→ TASK ITEM: Output the data in full. Keep every word exact and exclude the pictures.

→ DATA:
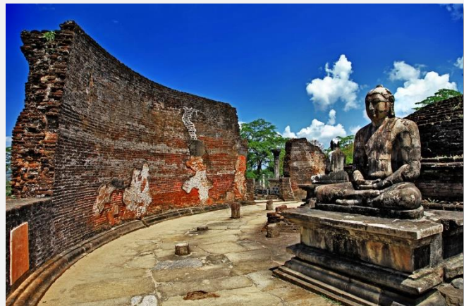
Ο Ναός του Βούδα στην Polonnaruwa
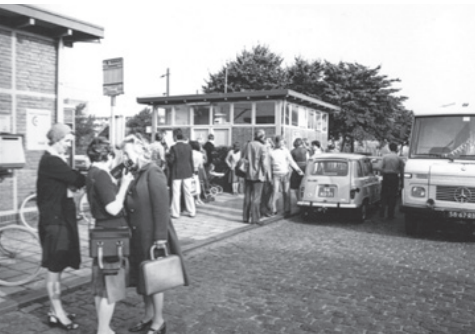
Vertrek station Waddinxveen.
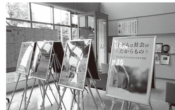
▲6月に実施したパネル展の様子

→ TASK ANSWER:
Ο Ναός του Βούδα στην Polonnaruwa
Vertrek station Waddinxveen.
▲6月に実施したパネル展の様子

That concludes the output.